## TASK STATEMENT
Repeat each record exactly, skipping the pictures.

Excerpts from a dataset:
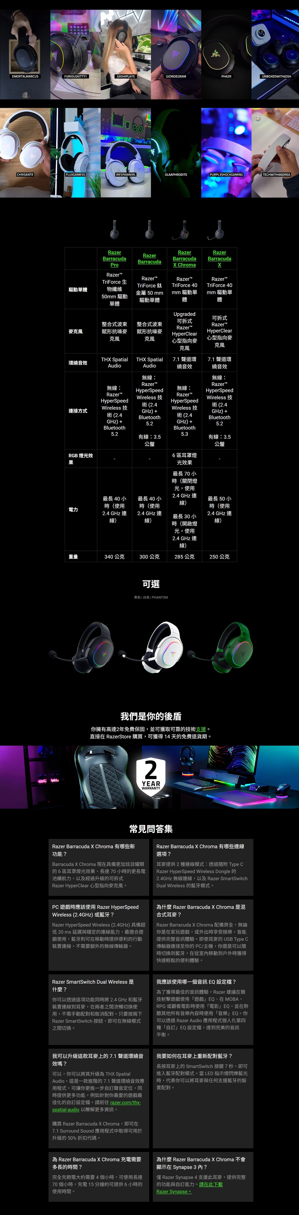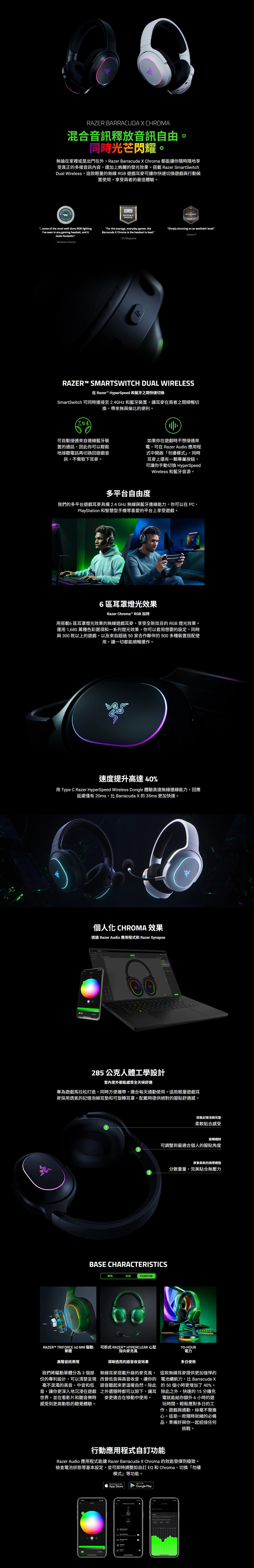雷蛇 Razer 梭魚 Barracuda X Chroma無線耳機麥克風Phantom Green Edition ( RZ04-05220300-R3M1-UT )
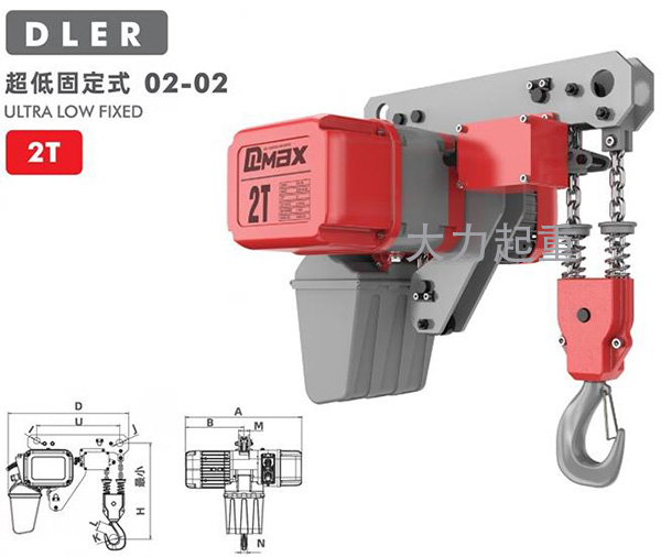 2吨DLER双链条超低式环链电动葫芦固定式产品参数:
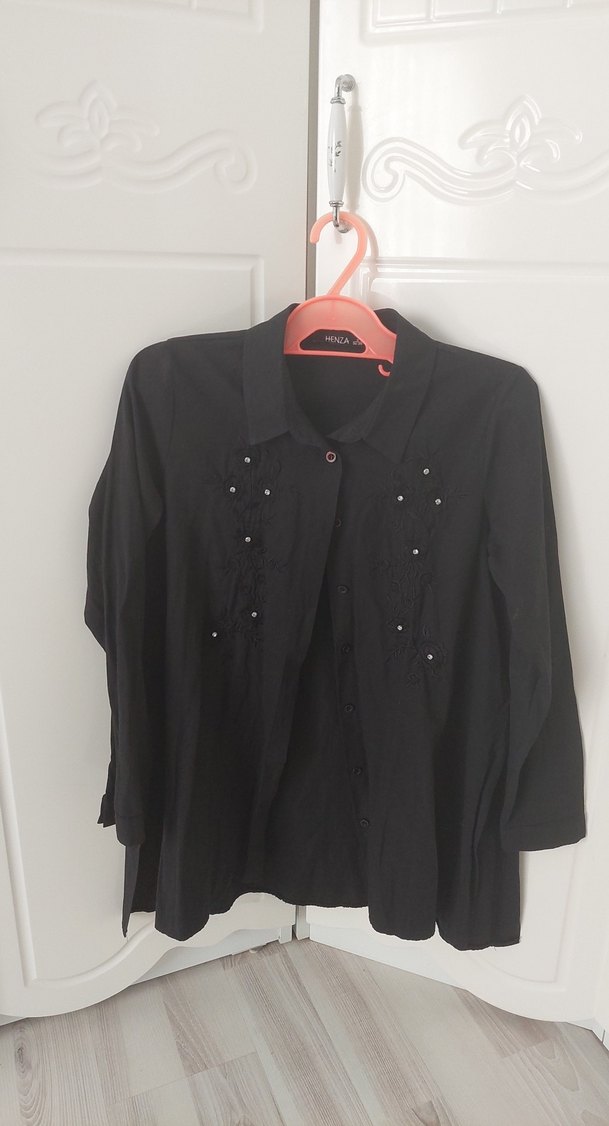 Uzun kollu, keten kumaştan, düğmeli siyah gömlek. Notlu yaka ve midi boy, günlük kullanıma uygun rahat kesim.
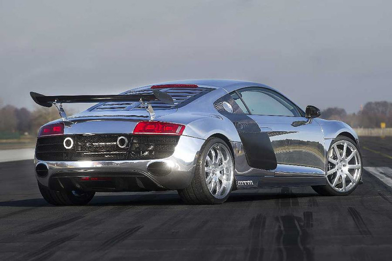 На автосалоне в Женеве был продемонстрирован Audi R8 Biturbo мощностью в 777 л.с. Максимальная скорость болида превышает отметку в 350 км/ч. В дополнение к этому с алюминиевого кузова спорткара был полностью удален лак, и поверхность металла была вручную отшлифована до блеска.
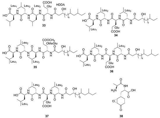 Three newfound linear lipopeptides named gageostatins A (28), B (29) and C (30), comprising of hepta-peptides and new 3-β-hydroxy fatty acids yielded by a marine-derived bacterium B. subtilis from the culture broth [35]. Furthermore, three novel linear lipopeptides possessing di- and tetrapeptides and a new fatty acid, gageotetrins A (31), B (32) and C (33), were isolated from a marine B. subtilis [57]. Four unreported lipopeptides, gageopeptides A (34), B (35), C (36), and D (37) were isolated and identified from a marine-derived bacterium B. subtilis, which consisted of tetrapeptides and 3-β-hydroxy fatty acids [58]. The fatty acid of 28, 31, 32 and 34 was identical and determined as a 3-β-hydroxy-11-methyltridecanoic acid. Likewise, compounds 29 and 37 both possessed the same fatty acid, 3-β-hydroxy-9,11-dimethyltridecanoic acid. Moreover, the fatty acid unit of 33 and 36 was 3-β-hydroxy-8,10-dimethyldodecanoic acid. In particular, the absolute stereochemistry at C-3 of the fatty acids of linear lipopeptides 28–37 is R configuration except 30. Additionally, the configuration of the amino acid residues in 28–37 was found to be L-form, while Val in 28–30 was D-form. Besides, bacilysin (38), another identified dipeptide, was isolated from seaweed-associated B. amyloliquefaciens MTCC 10456 in Microbial Type Culture Collection and Gene Bank (MTCC) of Chandigarh in India. Notably, this is the first report on the co-production and isolation of anti- Malassezia spp. chemicals from marine Bacillus species [44]. In conclusion, all linear Lipopeptide mentioned above were obtained from the Gageocho in the southern reef (Republic of Korea) except 38.

## RESULT
雷蛇 Razer 梭魚 Barracuda X Chroma無線耳機麥克風Phantom Green Edition ( RZ04-05220300-R3M1-UT )
 2吨DLER双链条超低式环链电动葫芦固定式产品参数:
 Uzun kollu, keten kumaştan, düğmeli siyah gömlek. Notlu yaka ve midi boy, günlük kullanıma uygun rahat kesim.
 На автосалоне в Женеве был продемонстрирован Audi R8 Biturbo мощностью в 777 л.с. Максимальная скорость болида превышает отметку в 350 км/ч. В дополнение к этому с алюминиевого кузова спорткара был полностью удален лак, и поверхность металла была вручную отшлифована до блеска.
 Three newfound linear lipopeptides named gageostatins A (28), B (29) and C (30), comprising of hepta-peptides and new 3-β-hydroxy fatty acids yielded by a marine-derived bacterium B. subtilis from the culture broth [35]. Furthermore, three novel linear lipopeptides possessing di- and tetrapeptides and a new fatty acid, gageotetrins A (31), B (32) and C (33), were isolated from a marine B. subtilis [57]. Four unreported lipopeptides, gageopeptides A (34), B (35), C (36), and D (37) were isolated and identified from a marine-derived bacterium B. subtilis, which consisted of tetrapeptides and 3-β-hydroxy fatty acids [58]. The fatty acid of 28, 31, 32 and 34 was identical and determined as a 3-β-hydroxy-11-methyltridecanoic acid. Likewise, compounds 29 and 37 both possessed the same fatty acid, 3-β-hydroxy-9,11-dimethyltridecanoic acid. Moreover, the fatty acid unit of 33 and 36 was 3-β-hydroxy-8,10-dimethyldodecanoic acid. In particular, the absolute stereochemistry at C-3 of the fatty acids of linear lipopeptides 28–37 is R configuration except 30. Additionally, the configuration of the amino acid residues in 28–37 was found to be L-form, while Val in 28–30 was D-form. Besides, bacilysin (38), another identified dipeptide, was isolated from seaweed-associated B. amyloliquefaciens MTCC 10456 in Microbial Type Culture Collection and Gene Bank (MTCC) of Chandigarh in India. Notably, this is the first report on the co-production and isolation of anti- Malassezia spp. chemicals from marine Bacillus species [44]. In conclusion, all linear Lipopeptide mentioned above were obtained from the Gageocho in the southern reef (Republic of Korea) except 38.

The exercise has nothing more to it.